- Poster designed by Gayathri Ashokan
- Directed by: J. Sasikumar
- Screenplay by: S. L. Puram Sadanandan
- Story by: J. Sasikumar
- Based on: Thommante Makkal (1965) by J. Sasikumar
- Produced by: Royal Achankunju Josekutty Cherupushpam
- Starring: Mohanlal; Lalu Alex; Jagathy Sreekumar; Swapna; Menaka; Jose Prakash; Sonia; Meenakumari;
- Cinematography: C. Ramachandra Menon
- Edited by: G. Venkittaraman
- Music by: Johnson
- Production company: Royal Pictures
- Distributed by: Royal & Cherupushpam Release
- Release date: 4 March 1984;
- Country: India
- Language: Malayalam

= Swanthamevide Bandhamevide =

1985 Indian film

Swanthamevide? Bandhamevide? is a 1984 Indian Malayalam-language family drama film directed by J. Sasikumar and written by S. L. Puram Sadanandan from a story by Sasikumar. It is a remake of Sasikumar's 1965 film Thommante Makkal in which Kaviyoor Ponnamma reprised her role. The film stars Mohanlal, Jose Prakash, Swapna, Lalu Alex, Menaka, and Adoor Bhasi. It features music composed by Johnson. The plot follows the issues that arise in a family after the marriage of two sons.

==Plot==

Madhavan Nair, a lorry driver, is loyal and honest to his master Keshava Panicker. In return, Panicker offers him a lorry, and a house in which to stay along with his family consisting of Lakshmi, his wife and two sons. With time, Madhavan Nair turns into a rich businessman who owns several buses, automobile workshops, and trucks.

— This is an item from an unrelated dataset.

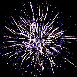 Опадающая парча с голубыми звездами и белым мерцанием переходит в великолепные трещащие пальмы. Алые волны с синими огромными пионами раскрываются удивительными трещащими хризантемами. Голубые переливающиеся кометы переходят в синие георгины, которые сменяются огромные серебряными хризантемами. Красные переливающиеся кометы превращаются в красивую золотую паутинку в обрамлении золотых вспышек. Зеленые кометы переходят с громким шумовым эффектом в золотые пальмы. Финал из голубых мерцающих комет, переходящих в пушистые золотые пальмы.

Balachandran, his elder son runs his business, while Rajendran, younger son is of carefree nature, who is also in his final years in college.

Rajendran falls in love with Usha, Panicker's daughter, while Balachandran is in love with Indu, daughter of Varma, an old feudal family, who had lost all his wealth with time. With the consent of parents, both Rajendran and Balachandran marry and their hearts throb. But life turns more troublesome after the marriage.

Both Indu and Usha get into petty quarrels leading to serious clashes inside the house. Things even get out of hand with both the brothers getting into physical fights in front of the parents. In such a fight between Rajendran and Balan, Madhavan Nair and Lakshmi interfere, but accidentally, the blow hit on Lakshmi's head, leading to her death, shocking everyone.

==Cast==

- Mohanlal as Rajendran, Madhavan Nair's Younger Son
- Swapna as Usha Paniker, Rajendran's wife
- Lalu Alex as Balachandran, Madhavan Nair's Elder Son
- Menaka as Indulekha, Balachandran's wife
- Jose Prakash as Madhavan Nair
- Kaviyoor Ponnamma as Leshmi, Madhavan Nair's wife
- Jagathy Sreekumar as Gopakumar, Madhavan Nair's Son in law
- Anu (Babitha) as Madhavan Nair's Daughter and Gopakumar's Wife
- Adoor Bhasi as Keshava Paniker, Usha's Father
- Meena as Bhagirathi, Ushas's mother
- Kundara Johnny as Sreedharan
- M. S. Thripunithura as Indu's father
- Sukumari as Indu's Mother
- Kollam G. K. Pillai as Sankara Pillai

==Soundtrack==
The songs were composed by Johnson and the lyrics were by Poovachal Khader.

Swanthamevide Bandhamevide (Original Motion Picture Soundtrack)
| No. | Title | Singer(s) | Length |
|---|---|---|---|
| 1. | "Amrithum Kulirum" | K. J. Yesudas | 4:25 |
| 2. | "Oro Thazhvaravum" | P. Jayachandran, Vani Jairam | 4:20 |
| 3. | "Odi Odi Odi Vannu Njan" | J. M. Raju, Vani Jairam | 4:16 |
| 4. | "Shapamo Ee Bhavanam" | K. J. Yesudas | 4:25 |

==Box office==
The film was a commercial success at the box office. It was one among the most successful films of Sasikumar.